Understanding this explains why:

bootloaders exist
memory controllers are critical
board bring-up is non-trivial

Instruction Lifecycle: The Unbreakable Loop

Every instruction obeys the same lifecycle.

Fetch → Decode → Execute → Write Back

This is not a software concept.

It is hardwired behavior.

Expanded view

┌───────────┐
│   FETCH   │  Read instruction from memory
└─────┬─────┘
	  ↓
┌───────────┐
│  DECODE   │  Identify opcode & operands
└─────┬─────┘
	  ↓
┌───────────┐
│ EXECUTE   │  ALU / branch / load-store
└─────┬─────┘
	  ↓
┌───────────┐
│ WRITEBACK │  Update registers or memory
└─────┬─────┘
	  ↓
	 PC++

The PC moves whether you want it to or not.

Instruction Structure: Minimal but Sufficient

An instruction contains:

opcode → what action
operands → where data is

The CPU does not infer intent.

Everything must be explicitly encoded.

This explains why:

RISC instructions are simple
complex operations are decomposed
compilers emit many instructions for simple code

Memory Addressing Modes: Finding Data Efficiently

Addressing modes exist to reduce instruction count and cycles.

Direct addressing

Simple, explicit, but inflexible.

Indirect addressing

Pointer-based access.

Foundation of dynamic data structures.

Base + Offset

Critical for:

stack frames
structs
arrays

This mode enables efficient access patterns without recomputing addresses manually.

Why Sequential Execution Is Slow

Without overlap:

each instruction blocks the next
hardware resources sit idle

The CPU waits while:

memory responds
decoding finishes
results propagate

This inefficiency led to pipelining.

Pipelining: Overlapping Time

The instruction lifecycle is sequential, which is a bit slow.

if we supposed that fetch, decode, and execute take 1 clock cycle each, then to perform 3 instructions we need 9 clock cycles.

Pipelining is a process of Arrangement of hardware elements of the CPU such that its Overall performance is increased by making the same clock cycle execute, decode, and fetch.

Cycle 1: F1

Cycle 2: ID1, IF2

Cycle 3: EX1, ID2, IF3

Cycle 4: STORE1, EX2, ID3, IF4

Cycle 5: STORE2, EX3, ID4, IF5

....

Increased Throughput: Multiple instructions are processed simultaneously, increasing overall instruction throughput.
Reduced Latency: Each stage processes a part of the instruction, reducing the time it takes for each instruction to be completed.
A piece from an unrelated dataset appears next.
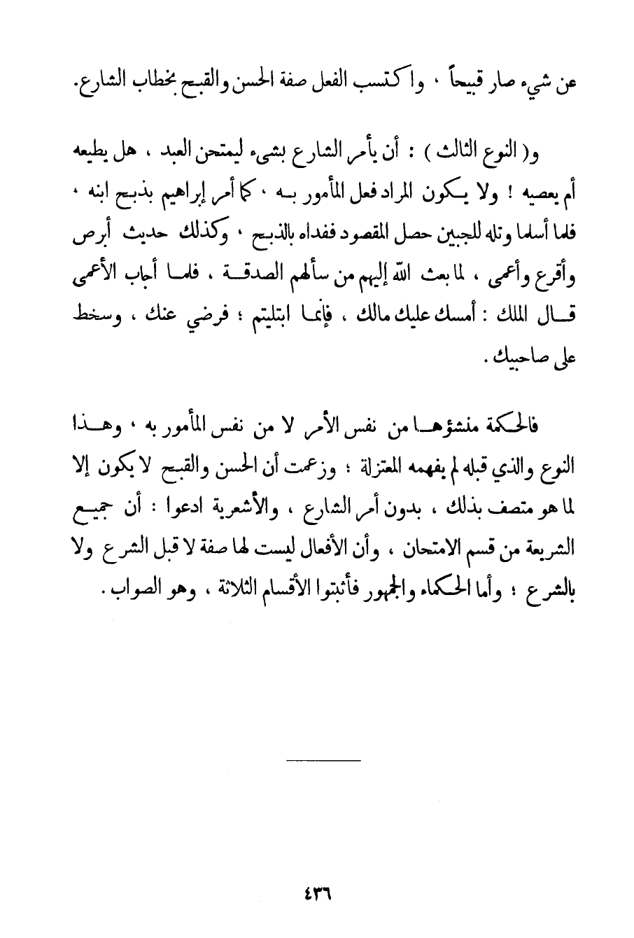 وَالنَّوْعُ الثَّالِثُ: أَنْ يَأْمُرَ الشَّارِعُ بِشَيْءِ لِيَمْتَحِنَ الْعَبْدَ هَلْ يُطِيعُهُ أَمْ يَعْصِيهِ وَلَا يَكُونُ الْمُرَادُ فِعْلَ الْمَأْمُورِ بِهِ كَمَا أَمَرَ إبْرَاهِيمَ بِذَبْحِ ابْنِهِ فَلَمَّا أَسْلَمَا وَتَلَّهُ لِلْجَبِينِ حَصَلَ الْمَقْصُودُ فَفَدَاهُ بِالذَّبْحِ وَكَذَلِكَ {حَدِيثُ أَبْرَصَ وَأَقْرَعَ وَأَعْمَى لَمَّا بَعَثَ اللَّهُ إلَيْهِمْ مَنْ سَأَلَهُمْ الصَّدَقَةَ فَلَمَّا أَجَابَ الْأَعْمَى قَالَ الْمَلَكُ: أَمْسِكْ عَلَيْكَ مَالَكَ فَإِنَّمَا اُبْتُلِيتُمْ؛ فَرَضِيَ عَنْكَ وَسَخِطَ عَلَى صَاحِبَيْكَ} . فَالْحِكْمَةُ مَنْشَؤُهَا مِنْ نَفْسِ الْأَمْرِ لَا مِنْ نَفْسِ الْمَأْمُورِ بِهِ وَهَذَا النَّوْعُ وَاَلَّذِي قَبْلَهُ لَمْ يَفْهَمْهُ الْمُعْتَزِلَةُ؛ وَزَعَمَتْ أَنَّ الْحُسْنَ وَالْقُبْحَ لَا يَكُونُ إلَّا لِمَا هُوَ مُتَّصِفٌ بِذَلِكَ بِدُونِ أَمْرِ الشَّارِعِ وَالْأَشْعَرِيَّةُ ادَّعَوْا: أَنَّ جَمِيعَ الشَّرِيعَةِ مِنْ قِسْمِ الِامْتِحَانِ وَأَنَّ الْأَفْعَالَ لَيْسَتْ لَهَا صِفَةٌ لَا قَبْلَ الشَّرْعِ وَلَا بِالشَّرْعِ؛ وَأَمَّا الْحُكَمَاءُ وَالْجُمْهُورُ فَأَثْبَتُوا الْأَقْسَامَ الثَّلَاثَةَ وَهُوَ الصَّوَابُ.

Pipeline Hazards: When Reality Pushes Back

Pipelines are fragile.

Structural hazards: it is a resource conflict situation, when more than one instruction tries to access the same resource in the same cycle.
Data hazards: when instruction depends on result of prior instruction which still in the pipeline.
Control hazards: Caused by delay between the fetching of instructions and decisions about changes in control flow (branches and jumps).

These hazards explain:

why instruction reordering matters
why volatile exists
why timing analysis is hard
why speculative execution exists

Solution to these hazards is by adding delays.

Solving these requires:

stalls
forwarding
prediction
speculation

Each solution trades:

performance ↔ power ↔ complexity ↔ security

Final Mental Compression

If you compress everything above into one mental image:

Clock
 ↓
Control Unit
 ↓
Registers ↔ ALU
 ↓
Memory

Everything else is software illusion layered on top.